The first alleged insured (the “daughter”) sought defense and indemnity from the insurer under a business owners policy (the “Policy”).  The daughter owned property with two other alleged insureds (the “parents”). The daughter and the parents leased the property to the daughter’s company, through which the daughter operated her business. The Policy identified only the daughter’s company as a named insured. 

The daughter sought coverage under the Policy in connection with a lawsuit her employee filed against the daughter in her individual capacity as an owner of the property.  The employee specifically claimed that she slipped and fell at the property while working.  The daughter asserted that the employee’s claims were made against her in her capacity as a member or manager of the company, which would qualify the daughter as an insured under the terms of the Policy.

The employee also sued the parents as owners of the property. The parents, in turn, also sought defense and indemnity under the same Policy arguing that they qualified as the company’s “real estate manager[s],” which would meet the definition of an insured under the Policy. Specifically, the parents argued that as property owners they necessarily had duties to maintain the property in a reasonably safe condition and, therefore, qualified as insureds under the Policy. 

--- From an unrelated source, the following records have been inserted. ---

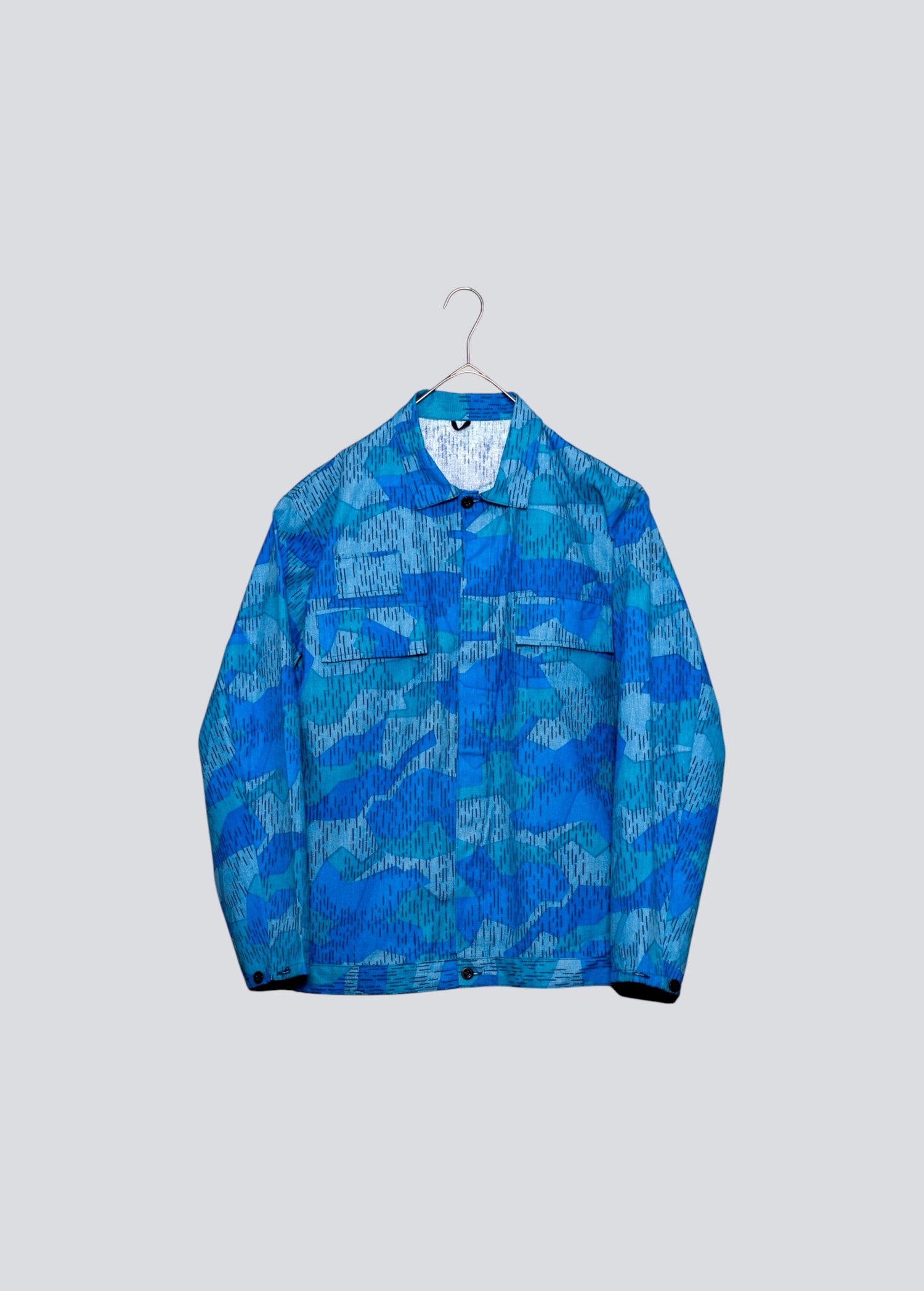 現在、このブルースプリンターパターンのジャケットは、欧州や日本をはじめとするミリタリーファッション愛好家やデザイナーたちから熱い注目を集めています。その理由は単なる希少性にとどまらず、パターンや配色の先進性にあります。都市的でモードな印象を持つブルーカモは、ストリートウェアやテックウェアとの相性も抜群で、タウンユースにおいても強烈な個性を演出できる一着です。
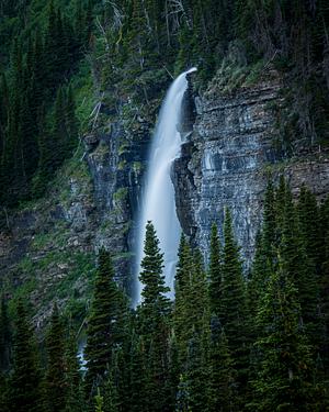 Waterfalls are all over Glacier National Park. This is due to the large amount of Glacier melting across the years. This photo was captured to show the one waterfall that stood out among the rest of the scenery.
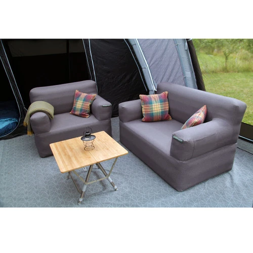 The Outdoor Revolution CAMPESE DUO two seat sofa and chair set is a stylish, luxury addition to any family tent, driveaway or caravan awning; creating a comfortable home from home ambiance to kick back and relax. Comprising of a two seat inflatable sofa and armchair, sold together as a set and represents unbeatable value for money.
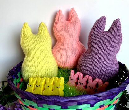 So soft and squishy, no marshmallow inside, just a soft pillow toy! This replicates those wonderful “marshmallow bunnies’ treats we see in stores at Easter. What a great idea to add this soft bunny to the Easter basket along with edible marshmallow bunnies! Kids love this, so make lots in various colors. Not just for Easter, these make a cute gift all year round! Approximately 9 1/2 inches high. Use worsted weight yarns, knitting needles US # 8.
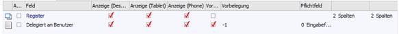 aktiviert werden (Feld "Vorbelegung" bleibt leer).
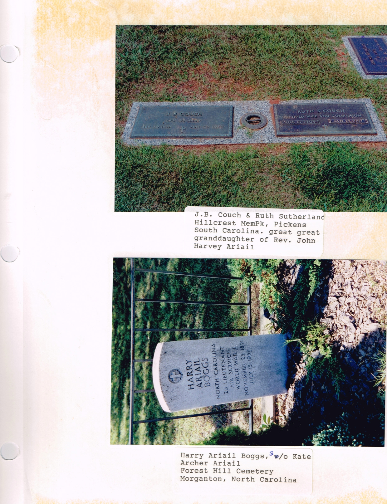 Top picture is marker for J. B. Couch and his wife Nancy Ruth Sutherland. Nancy is a descendant of Sarah Jane Ariail. Bottom picture is marker for Harry Ariail Boggs, son of Kate Archer Ariail.
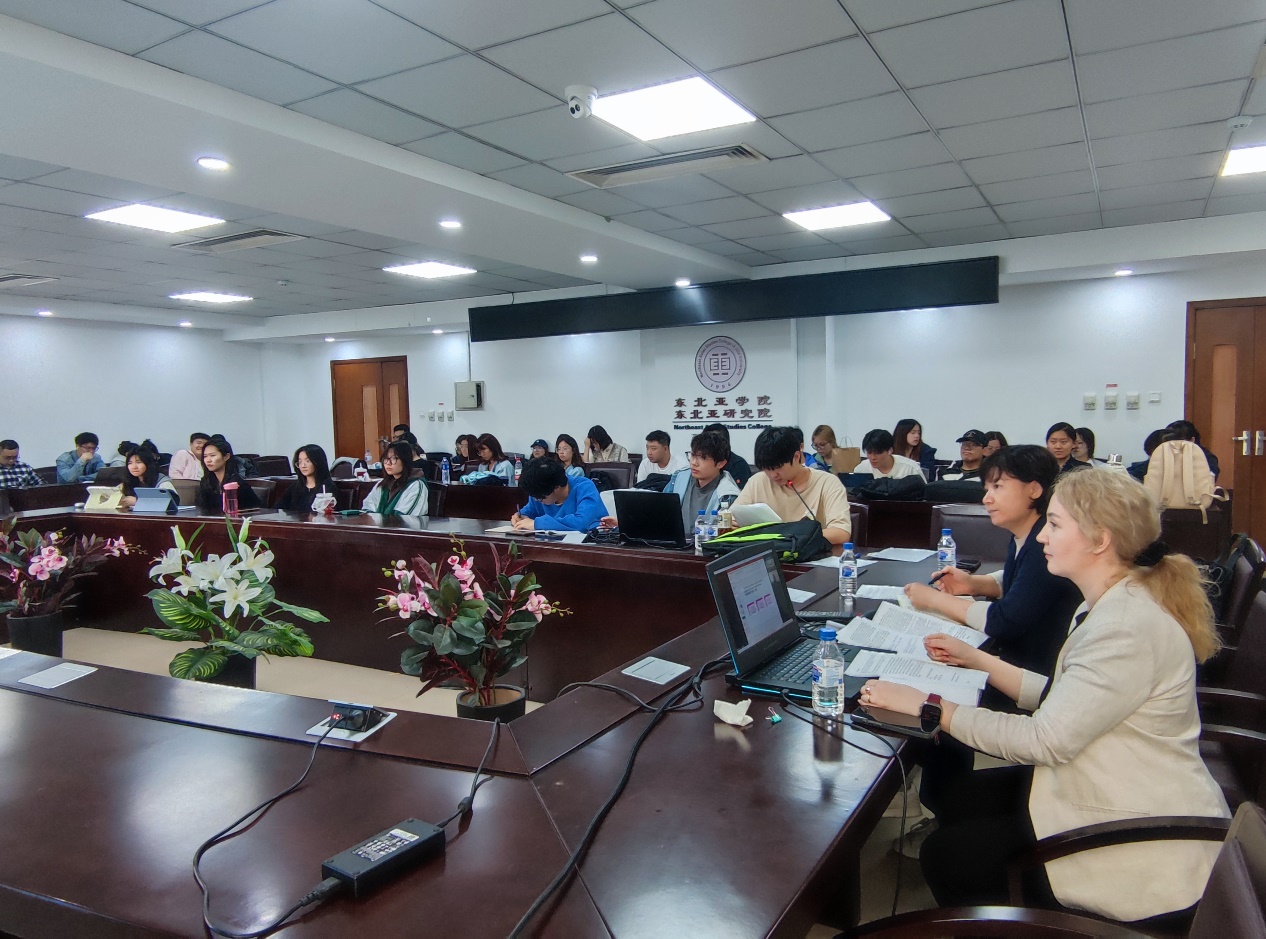 講座由東北亞學(xué)院娜塔麗雅·古爾巴諾娃老師主持。經(jīng)濟系主任李天籽教授、2021級全體本科生和部分研究生共40余人參與此次講座。2021級本科生邱穎、祝成山擔任講座翻譯。

With respect to the daughter’s declaratory judgment action, Attorney Killeen successfully argued that even assuming the daughter met the definition of an insured under the Policy, her claim was barred by the Policy’s employer liability exclusion, which excluded claims asserted by an employee of the business arising out of the employee’s employment.  Attorney Killeen further successfully argued that the insurer was not equitably estopped from asserting the Policy exclusion even though the insurer initially failed to specifically raise the exclusion as a reason for denying coverage.

Concerning the parents’ declaratory judgment, Attorney Killeen successfully argued that the phrase “real estate manager” was clear and unambiguous.  The Court went on to agree with Attorney Killeen that there were no allegations in the employee’s complaint that the parents were acting as “real estate managers” for the company, as opposed to simply acting as lessors of the property, at the time of the accident. The Court reasoned that the insurer’s duty to defend the parents was not triggered because the employee did not allege sufficient facts to bring her claims against the parents within the express terms of the Policy.